This does not work for one student. (Names are left out to protect the innocent.) He has been left back in first grade. It shows, he is a head taller than most of the others. Academically, he is behind. He is highly energetic, and does not deal very well with discipline – he resists, he has his own things that he wants to do. He shouts out of order. What is my response? I cannot foster his rebellion. I cannot work with him one on one, carefully channeling his energy into productive and interesting directions.

No, he must submit and I must suppress, I must tell him that he should be interested in what is to him uninteresting. I do not know if it is above or below his level – he is smart, that is clear, but in first grade behavior, level of socialization, is the defining factor. One must sit still to write simple sentences, and listen to be able to hear facts in a story, after all.

Today, he got lucky. The machine is not so direct, no so forceful or crushing. It accommodated, and he got his own book and he even wrote about it a very little bit. The concept of destiny was in it – I asked him to explain it to me. He was unsure of his own answer, but I asked him for it. He was right. But what happens in the future? What happens during his regular school time? Unless his energy is productively channeled the pressure to conform will be only greater. There will be less and less tolerance for his behavior. I went to middle and high school with some of the results of that. It is the greatest sorrow – a powerful mind that is unable to productively use its own power. (Dare I say that it is quite like capitalism?)

If he opposes, throws tantrums, and does not fit in in a violent way, reacting way, the other student does not fit in in a quitet way. In fact she does not talk at all. She communicates by gestures, by pulling people’s hands, and the like. She does not disrupt the machine, so it shrugs shoulders – “What can I do?” it must think. So she is largely left alone.

If that were everything there would be no story. In the class there is a set of wooden construction shapes. Picture different sized cubes, cylinders and the like. During the first time she played with those bricks she build a structure as tall as herself. She demonstrated perfect command of architectural and artistic concepts. It was symmetrical, stable, and even aesthetically appealing – she also made good use of irregular figures, creating empty spaces. No other student constructed anything like it.

Last Saturday I worked with her – she set the general shape, I made sure that the parts went in evenly. She even abandoned gestures and used simple words, in a very exited tone. Finally, with a beaming smile, she destroyed the structure, which was actually a structure inside a structure.

Today I showed her how to draw in three dimensions, with a cube.

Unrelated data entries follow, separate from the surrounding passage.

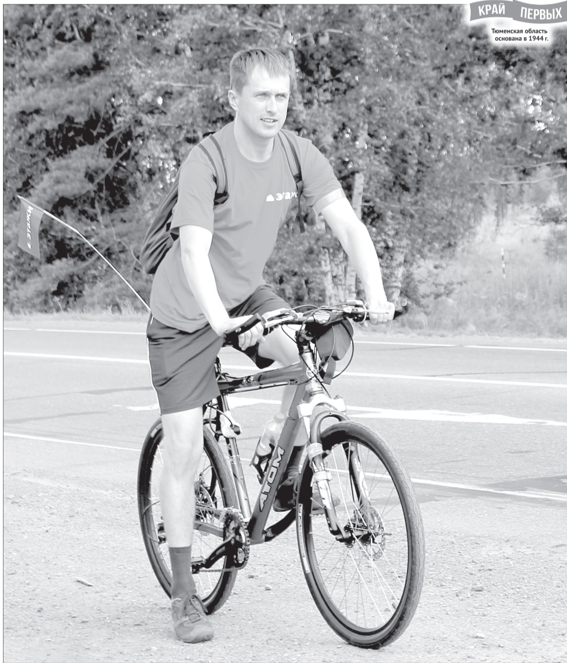
По пути велосипедист заезжал и в наш город

- Пока едешь, о чём только не подумаешь: о работе, жизни, природе, которая тебя окружает. На этой трассе бываю часто, так как родители живут в Армизонском, но из машины местных красот вообще не замечаешь, а на велосипеде видишь каждую букашечку и травинку. В дороге я встретил чудесный рассвет. Порадовали дальнбойщики - культурно объезжают и приветственно сигнализируют, приятно на душе. Попутные вообще старались меня «обойти»
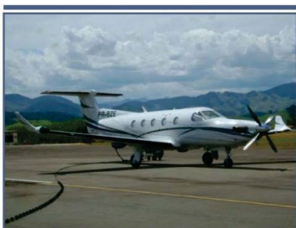
Avião próprio para transporte de malotes
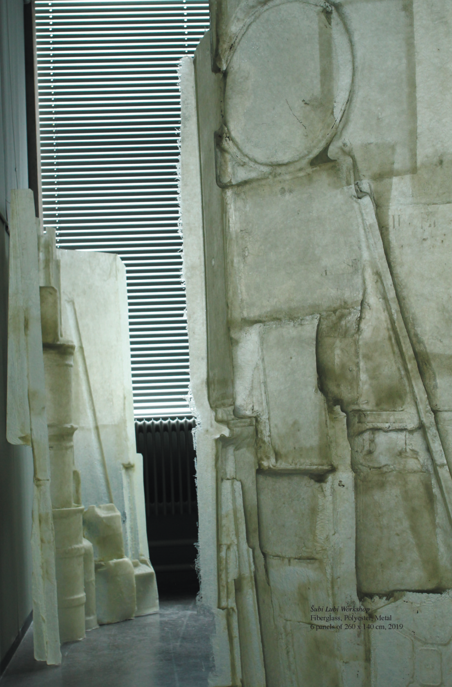
Šubi Lubi Workshop Fiberglass, Polyester, Metal 6 panels of 260 x 140 cm, 2019
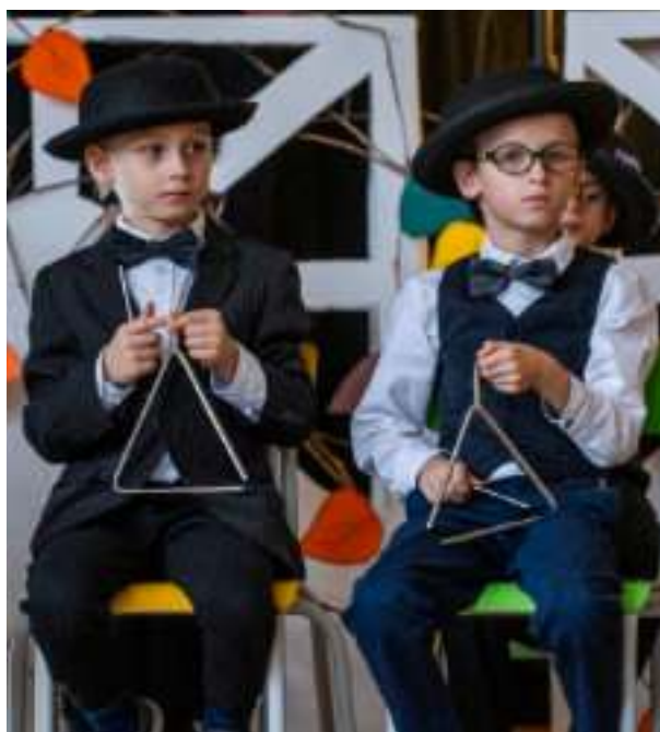
► Uczniowie zaprezentowali swoje talenty
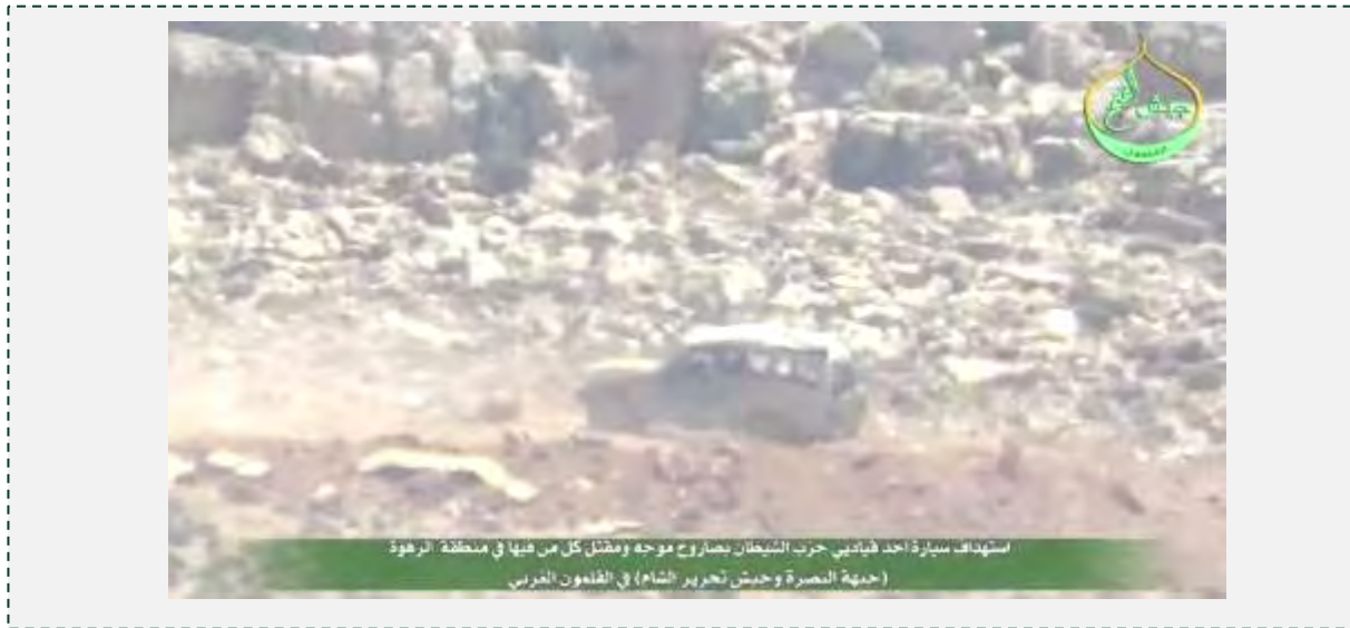
ג'יפ חזבאללה, שנפגע מטיל נ"ט שנורה באזור אלרהוה, שבהרי אלקלמון המערביים ( Ahmad Alqusair@AhmadAlqusair, 29 ביוני 2015; יוטיוב, 28 ביוני 2015).

■ ב-29 ביוני 2015 הועלה סרטון ביוטיוב בו נראה שיגור טיל נ"ט נגד ג'יפ שנטען, כי הוא שייך לאחד ממפקדי חזבאללה. הירי התרחש באזור אלרהוה (Al Rahwe), שבהרי אלקלמון המערביים, כ-8.5 ק"מ דרומית-מזרחית לערסאל, באזור שבו פועל ג'בהת אלנצרה. בסרטון נטען, כי כל נוסעי הג'יפ נהרגו (Ahmad Alqusair@AhmadAlqusair, 29 ביוני 2015; יוטיוב, 28 ביוני 2015).

I showed a line on the cube I was going to draw, and then drew it. She seemed very interesting. Generally she pays attention and is aware of what is going on. I think that she has a mathematical mind – she had no problem with the math problems but did not even attempt to write the numbers in letters. I also drew a cylinder. She responded by drawing a circle inside a square. She eventually drew me – hair, glasses, striped sweater, and then wrote her name. All without speaking a word.

I am sure that similar stories can be told about the other students. But we do not think of education in such terms. The children become students; they are molded into that shape. And then we wonder why for vast majority pleasure and learning are separate, and then work and pleasure are separate too. We, with the machine of education and then with the machine of capitalist production and consumption, made such people.

Then we blame everything on “human nature,” laziness, and say “that’s how it is, that’s life.” We have made it that way?

But I promised some words on the thing of the season, OWS, right? How does this Kantian stuff have anything to do with it?

The occupation has disrupted a very large machine, or a number of machines. The Manhattan community board speaks – the occupation is loud, it is dirty, it smells. People complain about their commute being messed up. Bloomberg says that it cannot go on forever, obviously. Eventually, everything must go back to how it is. “You gotta do what you gotta do,” shrugs the machine. Even the economic models show this – there is equilibrium, some normal rate of something, and movements to and away from it.

The political machine also moves in. Occupy Wall Street is told that it must become like the Tea Party. It must have demands. It must pressure elected officials. It must vote. If the political machine could speak it would say – “Play the game. You gotta do what you gotta do, right?” Yet that is exactly the opposite of the sentiment of the occupation. They do not want to have anything to do with the politicians, who they think are owned by the corporations. They even use the word revolution.

The machine cannot understand that word. To it revolution is a dark, bloody, tyrannical thing that never happens. Not here, not in America. Here in America, a movie called “The One Percent” told me, we picked the New Deal and reformism over socialism and communism. Historical process is apparently a matter of choosing. That is the sentiment of Kazin, and his new book about the left– the left must push, it must play the political game, take part in the machine. The machine cannot understand fundamental questioning of its own existence; it can only attempt to absorb those that question into itself.

So I must disagree with Chris Hedges. The occupation’s best weapon is not non-violence. That is really a second-order issue. What really matters is the question of its role, in the Kantian schema set out here – are they a part of the machine that can only produce more of itself, or are they playing a public role? That is really of importance, unless what we really want is just more of this world, perhaps with a New New Deal. Are we really so machine? Is that everything we can do? The question cannot be answered outside of practice.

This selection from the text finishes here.